Saturday, October 19, 2019

Smokefall—Defunkt Theatre—SE Portland



          “Past Saving”

    This dark chronicle, of a family history, is written by Noah Haidle and directed by Patrick Walsh.  It is playing at their space, 4319 SE Hawthorne Blvd. (in back of the Common Ground Coffee Shop) through November 16th.  (Parking is a challenge in this area, so plan your time accordingly.)  For more information, go to their site at www.defunkttheatre.com

    Relationships are never easy and family dynamics can be a bitch to handle.  But, from “womb to tomb,” you have no choice but to just deal with it.  This odd story, part dark fairy tale set in an alternate reality, and part romance (of sorts), gives us a glimpse into the psyche of one family over several years.  It has a lot in common with Tennessee Williams and his play, The Glass Menagerie as, in both stories, there is the father who “fell in love with long distance…trying to find in motion what was lost in space.”  And there is the shy or, in this case, mainly silent sister, and a narrator (Footnote) that has prior knowledge of the family and moves the story along, filling in the blanks as it goes, as well as some lovely poetic prose in the storytelling of both authors.

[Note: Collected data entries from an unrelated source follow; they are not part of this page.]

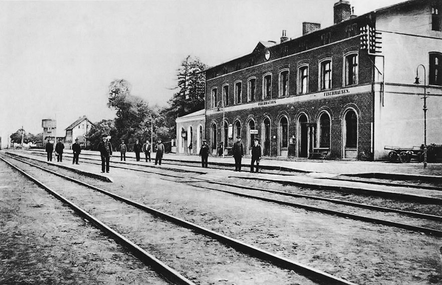 Вокзал Фишхаузена располагался на южном участке железной дороги Кёнигсберг – Пиллау, открытой в 1865 году, начало XX века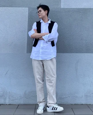 • Áo thun trắng + quần jeans xanh + giày sneaker: Set đồ đơn giản nhưng luôn trẻ trung, thoải mái.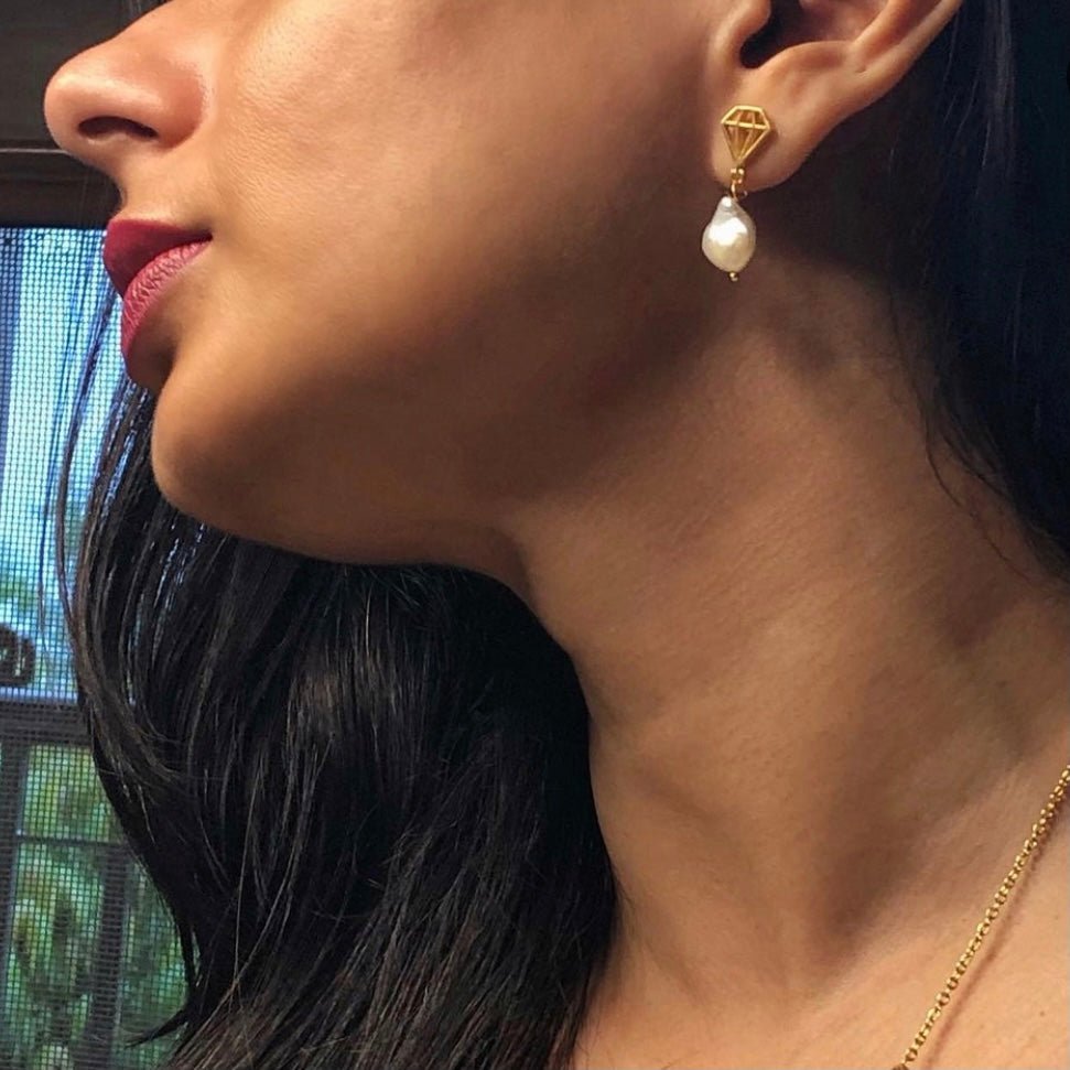 Classic freshwater baroque pearls in Myrha’s signature design. These beauties are the star of any outfit and work wonderfully with ethnic designs as well

    The matriarch of the family is Violet (Brooke Calcagno), who is pregnant with twin boys as the story opens, with Footnote (Matthew Kern) giving us the lowdown on their history.  She lives in her father’s house, the Colonel (Chris Porter), who’s memory is failing him, and her daughter, Beauty (Jessica Hillenbrand), who chooses to eat paper, paint, dirt, etc., anything but food, and has chosen not to speak because she decided she simply had no more to say.  And, finally, there is Dan (Joe Von Appen), the husband, who will soon be a bleep in the family tree, due to his absence…this is the first Act.

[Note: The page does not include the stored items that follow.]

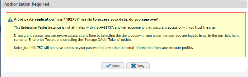 If you are currently logged into Enterprise Tester the authorization screen will appear. If you are not logged into Enterprise Tester you will need to log in first, then the authorization screen will appear. - Clicking "Allow" or "Deny" here will close the window and refresh the gadget - if you clicked "Deny" an error will be displayed in Confluence gadget indicating access has been denied, if you clicked "Allow" you should see the gadget in Confluence refresh to display the correct content.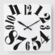 Este divertido reloj de pared blanco y negro se verá bien casi en cualquier parte. El diseño peculiar de los números en diferentes tamaños y ángulos le da un toque de placer visual, y las grandes cantidades hacen que sea fácil leer el tiempo. Números negros en un fondo blanco. Manos negras. Las manos grises están disponibles: sólo tiene que elegir en la sección de personalización antes de realizar su pedido.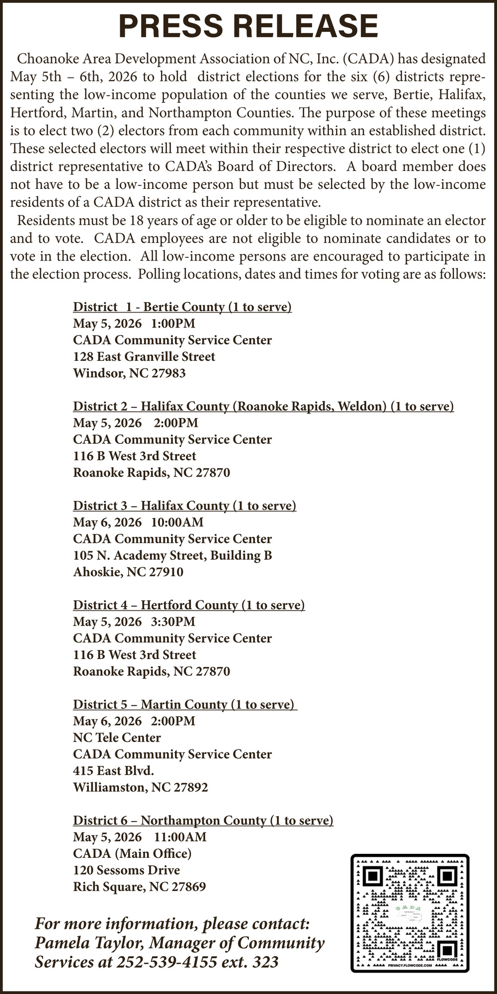 Apr 30, 2026. CADA - Choanoke Area Development Association of NC, Inc Government Ads from Bertie Ledger-Advance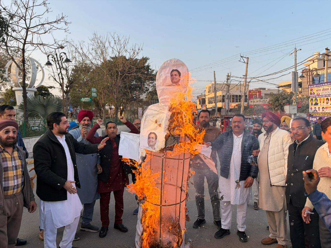 ਰਾਹੁਲ ਗਾਂਧੀ ਦੇ ਬੋਲਾਂ ’ਤੇ ਸੜਕਾਂ ’ਤੇ ਉਤਰੀ ਭਾਜਪਾ, ਟੀਟੂ ਦੀ ਅਗਵਾਈ ’ਚ ਪੁਤਲਾ ਫੂੰਕਿਆ

    The second act is a wee more bizarre, as we get the perspective of the twins (Kern & Von Appen, again) in the womb, as they discuss the pros and cons of actually being born and facing an uncertain future.  The third act presents Beauty, now speaking, and eating normal food, connecting with one of the twins, John (Porter, again), her brother, on his birthday and meeting his son, Samuel (Kern, again).  Yes, a bit confusing but also very compelling and they do manage to tie up the ends together.  It is one family’s journey but there are elements within it that seem familiar to me, as it will, I’m sure, to others.

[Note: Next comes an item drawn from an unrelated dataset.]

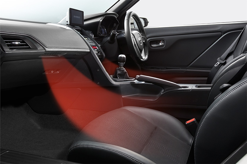 ヒップポイントを極めて低くし、さらにヒップポイントからペダルまでの間隔を長くとり、ペダルを前方に設定することで"ペダルを前に踏み込む"姿勢に。低い視線で、より車速を体感しやすく、クルマの挙動をダイレクトに感じ取れるゴーカート感覚を追求した。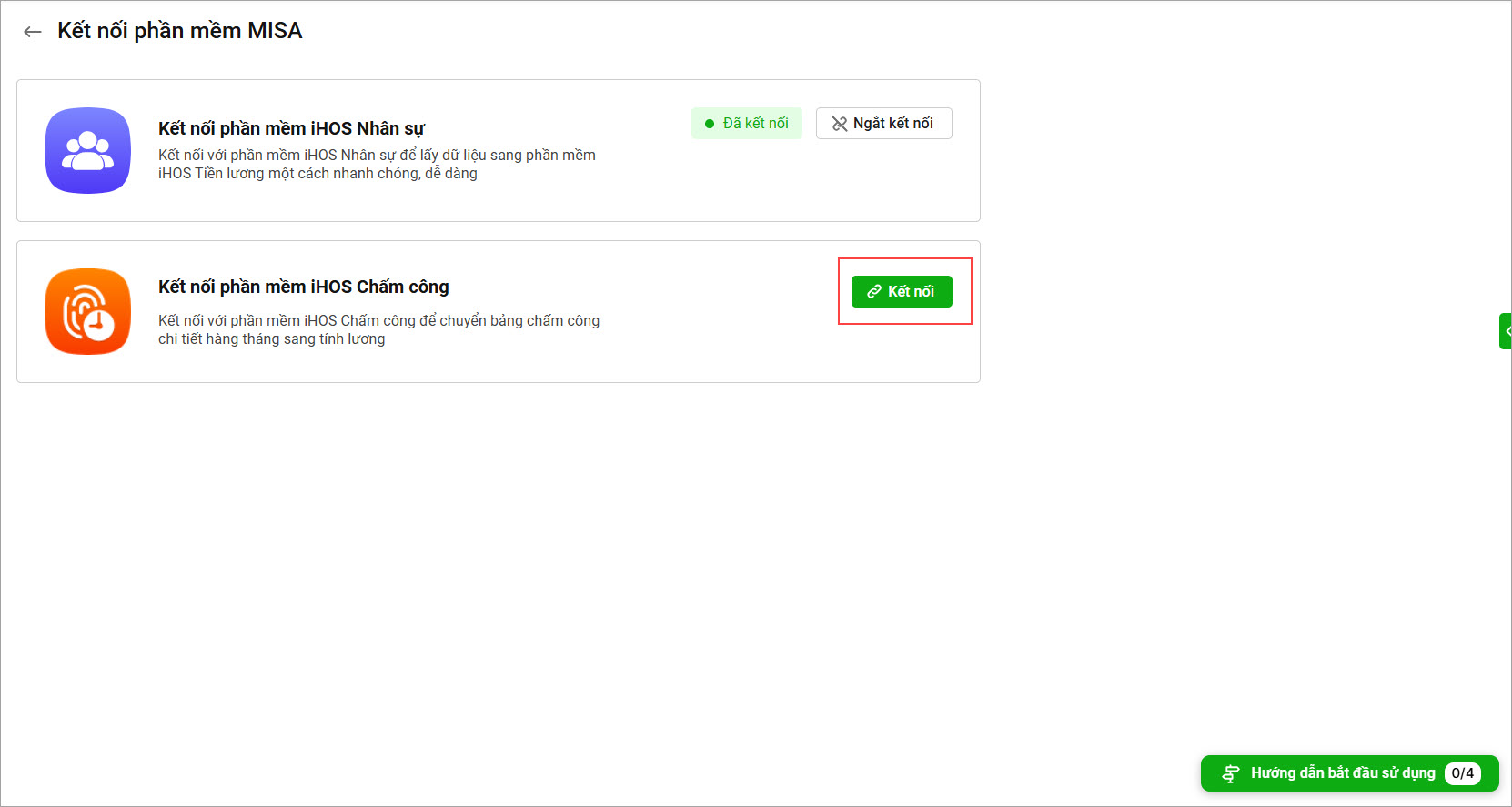 - Phần mềm cho phép kế toán tự kết nối với iHOS Chấm công để lấy dữ liệu chấm công. Lưu ý: Kế toán chỉ có thể kết nối được với iHOS Chấm công sau khi đã kết nối trước đó với phần mềm iHOS Nhân sự hoặc MISA QLCB. Việc này nhằm đảm bảo dữ liệu nhân sự và chấm công luôn đồng bộ, thống nhất giữa các phần mềm trên cùng nền tảng.

    The story grows on you, as does the style, and being an intimate setting, it feels even more personal.  Walsh has taken on what must have seemed like an impossible task at the beginning and molded it into quite an engaging piece of theatre.  And his cast pick is amazing, as I couldn’t image anyone else in these roles.  Porter is a stalwart of local theatre and is at his best here.  Von Appen does well, especially as the reluctant twin.  Calcagno has been too long absent from the stage and it’s good to see her back and just as strong.  Hilllenbrand is excellent as the young girl who blossoms before your eyes and becomes a determined woman.  And Kern, again, brandishes his acting chops and is powerful in more than one demanding role here.  Kudos to all!

    I recommend this play.  If you do choose to see it, please tell them Dennis sent you.